DIRECTIONS FOR THIS TASK | What is needed is a faithful transcription of all the data below, pictures excluded.

DATA |
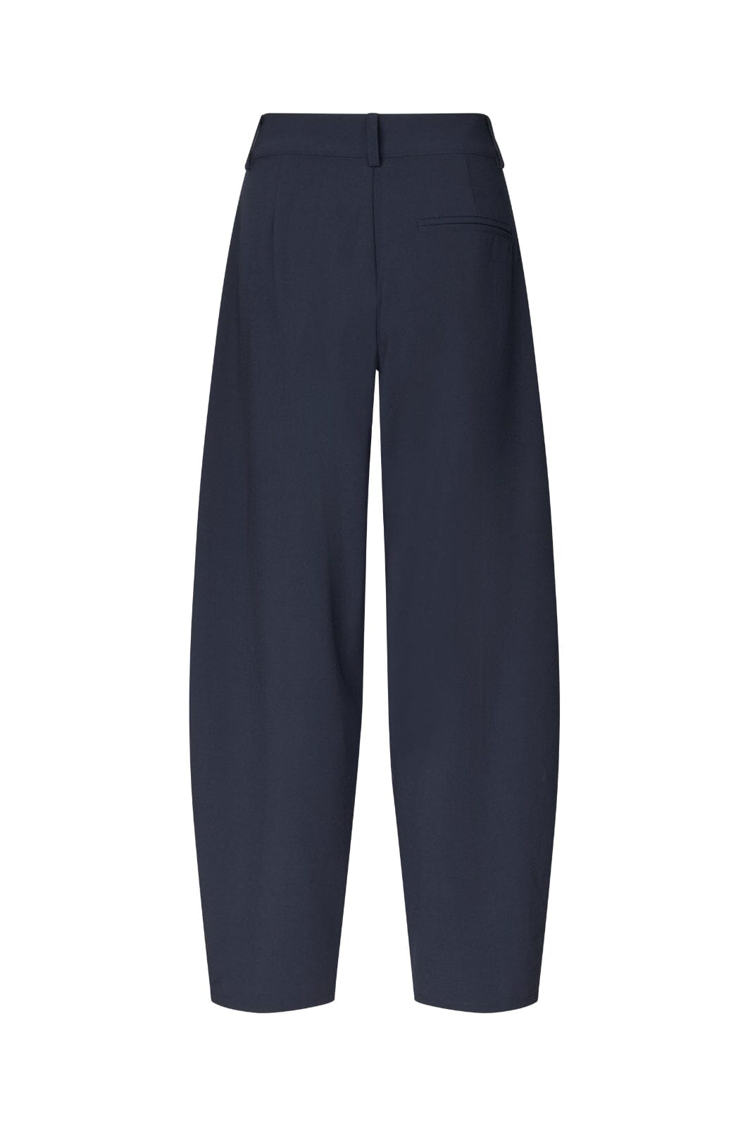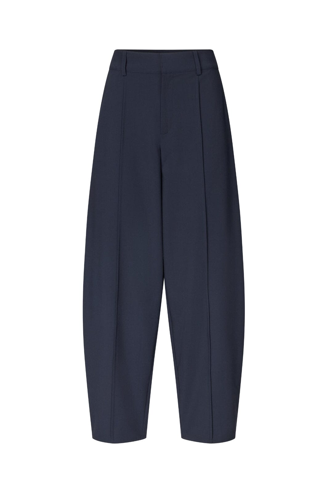 Ciemnoniebieskie spodnie od MbyM z wysokim stanem i szerokimi nogawkami. Spodnie mają luźny krój i sięgają do połowy łydki.
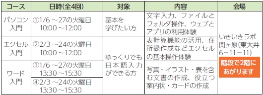 申込み・問合せ:12月8日(月)(必着)までに、電子申請かはがき、FAXで教室名、希望番号、住所、氏名(ふりがな)、年齢、電話番号、在勤の方はその旨を高齢者地域支援課高齢者活動支援担当(〒140-8715 品川区役所【電話】5742-6042【FAX】5742-6882)へ
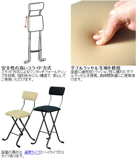 また、座面を内側にたたむ通常の折りたたみ椅子と比較して、スライド方式は指などの挟み込み事故も起こしにくくなっています。

EXERCISE SOLUTION |
 Ciemnoniebieskie spodnie od MbyM z wysokim stanem i szerokimi nogawkami. Spodnie mają luźny krój i sięgają do połowy łydki.
 申込み・問合せ:12月8日(月)(必着)までに、電子申請かはがき、FAXで教室名、希望番号、住所、氏名(ふりがな)、年齢、電話番号、在勤の方はその旨を高齢者地域支援課高齢者活動支援担当(〒140-8715 品川区役所【電話】5742-6042【FAX】5742-6882)へ
 また、座面を内側にたたむ通常の折りたたみ椅子と比較して、スライド方式は指などの挟み込み事故も起こしにくくなっています。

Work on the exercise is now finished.